Ася стояла одна посреди улицы Ленина и смотрела на старинную монету у себя на ладони.
Вот ешё один. Вернём себе наш 2004!
11. Это подарок
читать дальше
And there's nothing wrong with me,
This is how I'm supposed to be
In a land of make-believe
That don't believe in me.
Green Day, Jesus of Suburbia (2004)
Сирень качалась под дождём как огромное пушистое облако. Парк у оперного театра ещё спал – разве что бюст поэта, который и сам когда-то сравнивал сирень с лиловым зданием из воска, щурился сквозь кусты и явно был доволен сравнением.

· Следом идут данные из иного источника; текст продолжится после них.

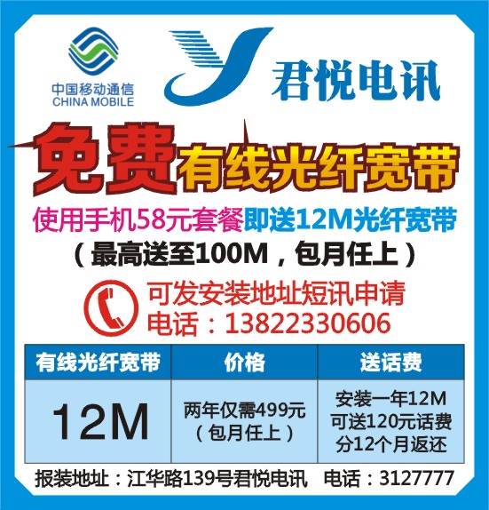 报装地址:江华路139号君悦电讯 电话:3127777
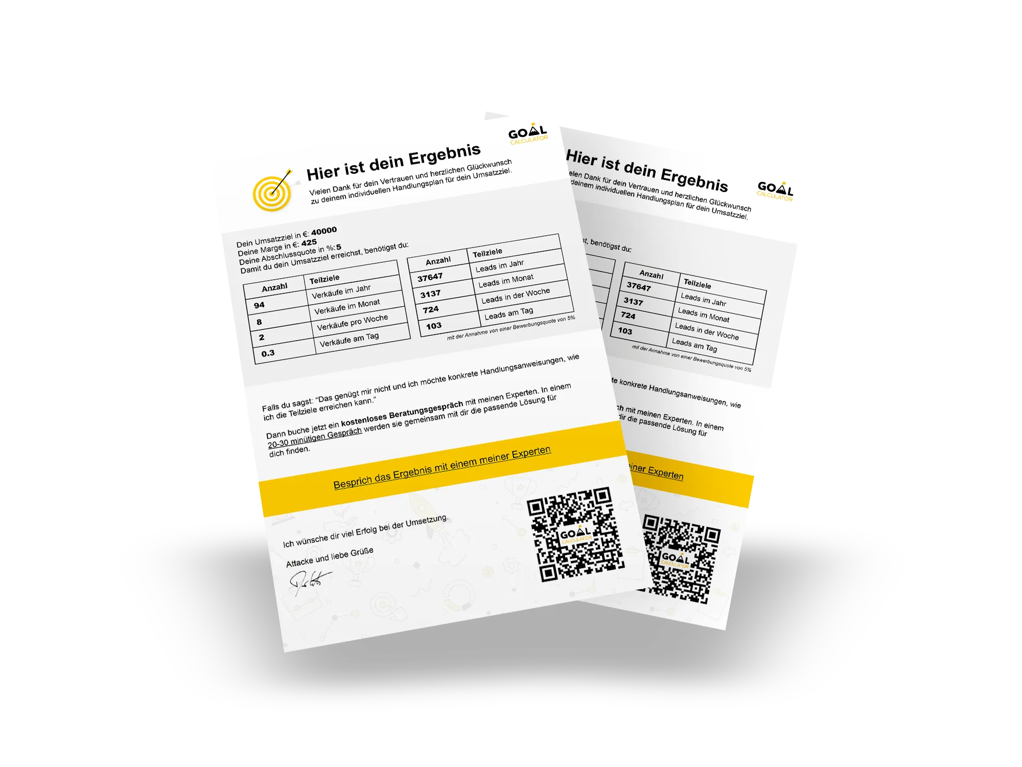 Nutze jetzt den erwiesenen Goal Calculator und definiere zahlenbasierte Schritte zu deinen Umsatzzielen
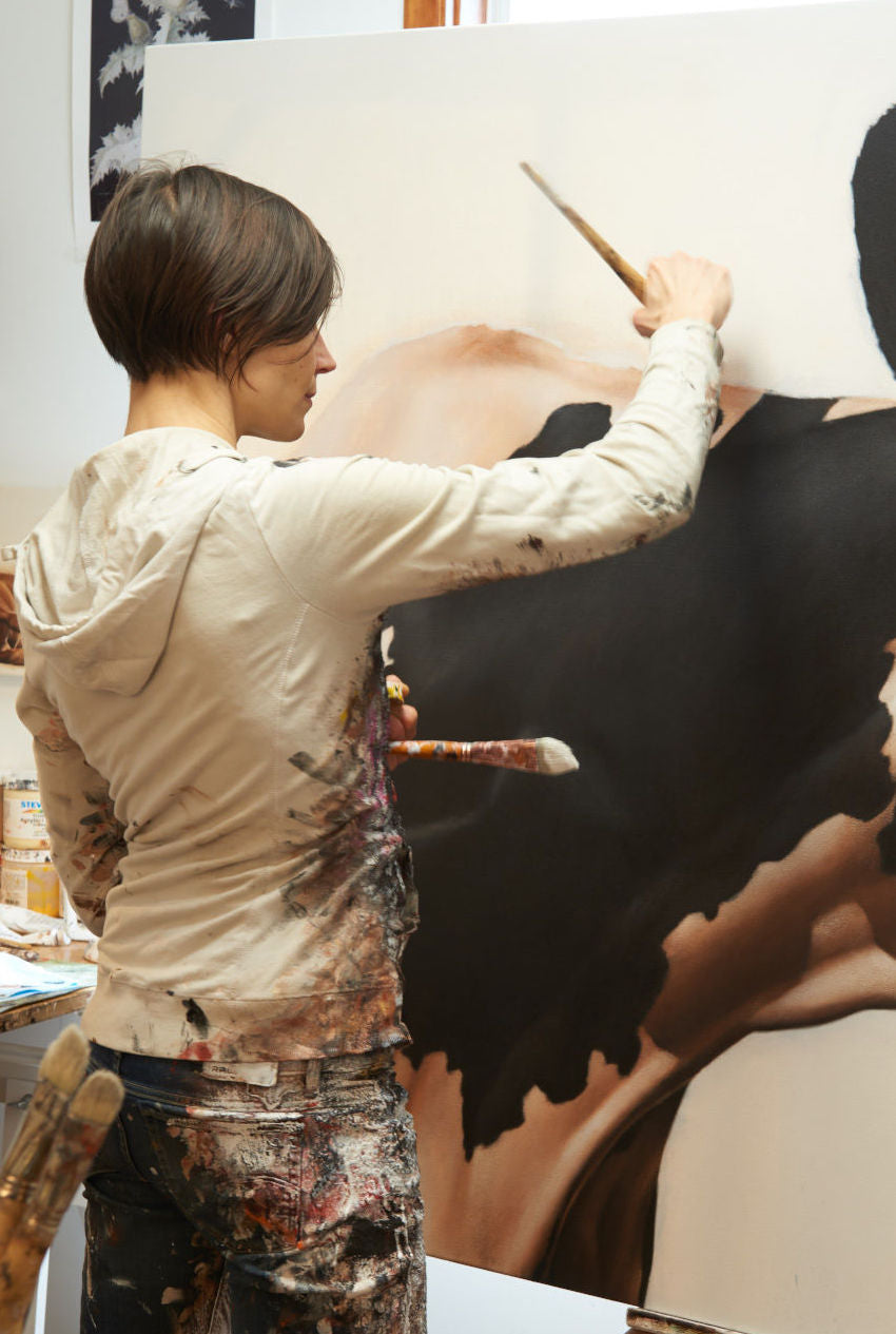 Through her work, the artist explores the themes of life in contrast and consumption, abundance, excess and over-production. Brodeur is fascinated by how perspective and intent can change the banal into the extraordinary. Her painting of cows reflect this exploration of reinterpreting the ‘everyday’ through attention and awareness to find an ‘ideal’. Presented on monochromatic backgrounds, with their pastures stripped away, Brodeur decontextualizes the cow, and our preconceived notions of it. The blank space around the cow creates room to see it, and ourselves, differently; we are freed from the superfluous chatter of our own expectations and compelled to look directly at that which the frenetic pace of life would have us pass by. Brodeur expresses her pursuit of the essential by tightening her composition, bringing us closer to her subject and emphasing the cow’s unique presence. Brodeur’s rendition with a near-monochromatic palette reflects the tranquility and equinamity of her subjects. Relieved of its busy pastoral environment, and presented on a flat, monochromatic backdrop, the cow inhabits a space of purity and equilibrium, inviting serenity and introspection.
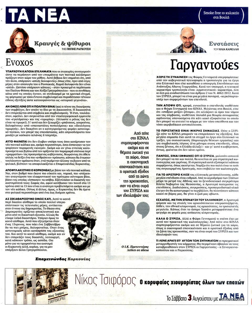 ΤΑ ΝΕΑ - 1 Αυγούστου 2019
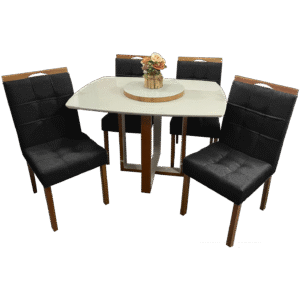 Mesa Atlas Mel/Off White Canto Barril 120×90 com 4 Cadeiras Sophia Mel/Veludo Preto – ART ASSENTOS + WM DECOR
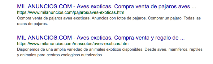 En un siguiente paso, ya sí le vamos a meter más texto para posicionar la Home para más palabras clave relacionadas pero, de momento, con un par de líneas se ha posicionado para la palabra clave principal: «aves exóticas».
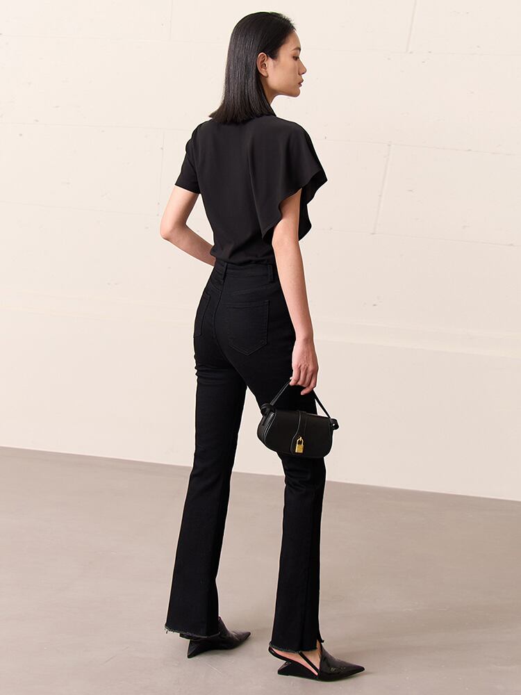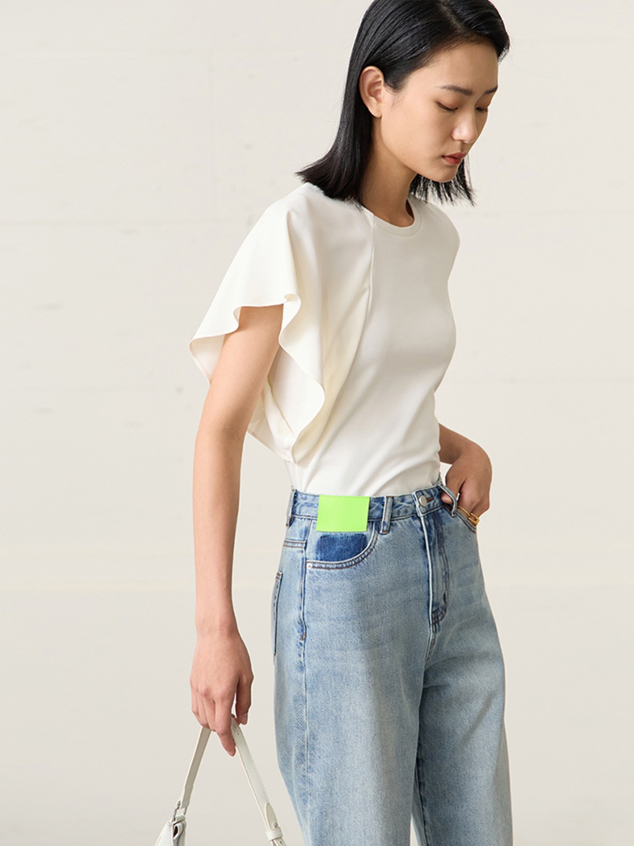 AMII ミニマリズムスリム Tシャツ夏半袖ソリッドパッチワークフリルオフィスレディ Tシャツトップ 72322018 ショート ハーフスリーブ ラッフル サマー 夏物 ソリッドカラー 会社 学校 通勤や通学にも | twelve
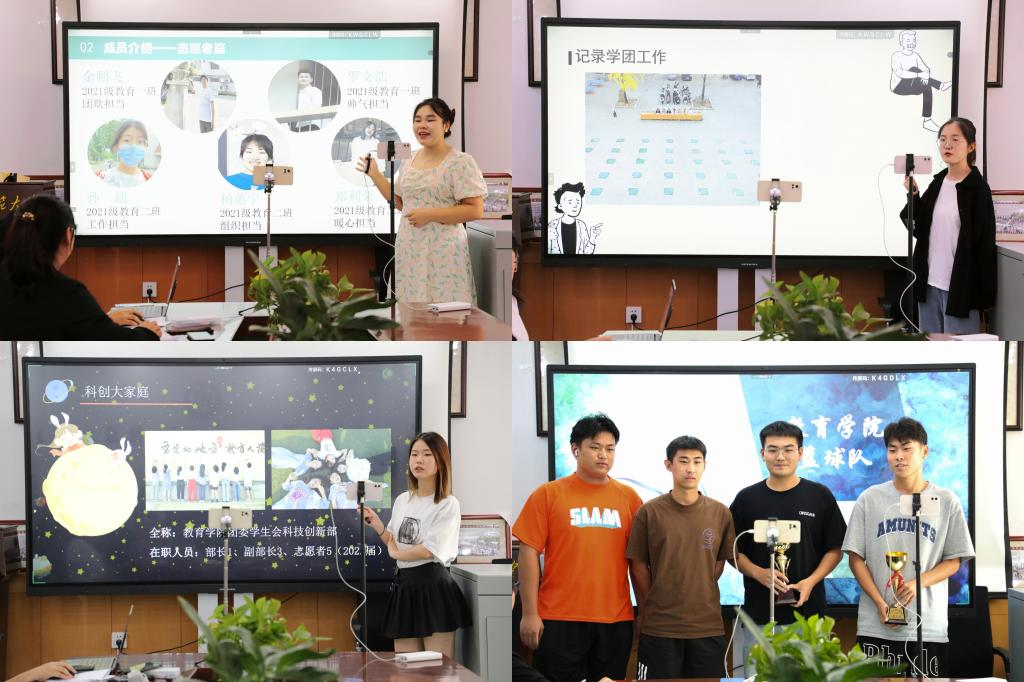 9月16日,黑料不打烊 学生会面向2022级新生,积极开展以“院学生会机构设置与职能介绍”为主题的宣讲活动。宣讲中,学生会各部门依次对部门职能、成员、日常工作和特色活动进行了详细介绍,通过精心制作的PPT和视频,充分展示了部门的优势和魅力。黑料不打烊 各球队也拿着奖杯带领队员们进行了线上展示、宣传。宣讲的同学们饱含热情,“快快加入我们”成为这场宣讲会出现频率最高的词句。在轻松愉快、热烈活泼的氛围中结束了学生会19个部门和5个球队的宣讲。
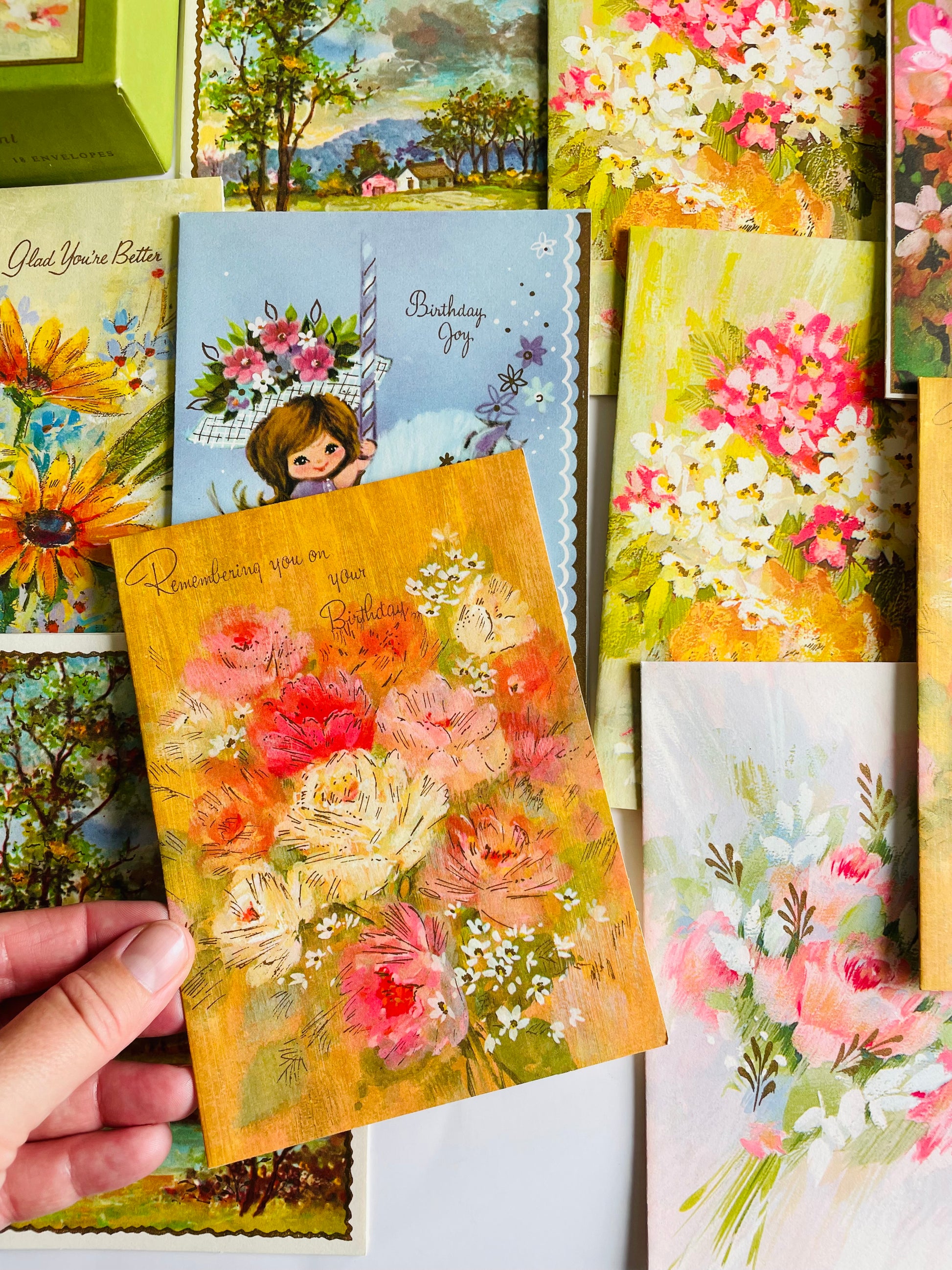 A collection of 15 bright and adorable cards. They include envelopes and a cardboard box for storage. They have different messages written inside, depending on the card. They are mainly birthday and get well wish cards.

С земли город совсем другой: в нём гораздо легче найти что-то новое. Казалось бы, свернул с улицы во двор или обошёл театр с другой стороны, и оказался в другом мире. Или старый преобразилось до неузнаваемости. Вот как сейчас.
Ян Малинин не любил летать в дождь и поэтому шёл сегодня домой пешком. Время близилось к рассвету, и, значит, по пути к Рабочему Посёлку первый трамвай имел все шансы нагнать юношу. Но времени ещё полно – как раз хватит на то, чтобы зарыться лицом в мокрые гроздья цветов и запомнить об этой ночи их запах, а не бесконечные чужие кошмары. Ян больше не видел снов, поэтому оставалось создавать их наяву.
По воздуху тянулся запах сирени, а по лужам – желтые дорожки фонарей. Ян Малинин шёл по пустой улице, покачивая головой в такт ему одному слышной музыке. В его чёрных кудрявых волосах подпрыгивал в такт лиловый пятилепестковый цветок.
***
На кухне сидела мама в халате и мрачно глядела в телефонную трубку.
- Да, я понимаю, - дежурно кивала она невидимому собеседнику. – Аттестат важная вещь. Но я же не могу запретить своему взрослому сыну думать? Это ему в жизни пригодится гораздо больше. Почему мы вообще говорим об этом, Клавдия Петровна, напомните, пожалуйста? Яну осталось сдать последний экзамен и он уйдёт в лицей, поздно решать проблемы взаимоотношений с учителем. Я передам. Спасибо за беспокойство. Доброе утро.
Увидев Яна в дверном проёме, Марина закатила глаза и указала на трубку. Судя по всему, классная руководительница, отчаявшись поговорить с родителями Малинина в разумное время, разбудила её с утра пораньше – но, конечно же, не сообщила ничего нового. Марина положила трубку, зевнула и спросила:
- Хочешь кофе? У тебя сегодня экзамен по русскому и литературе, ты в курсе?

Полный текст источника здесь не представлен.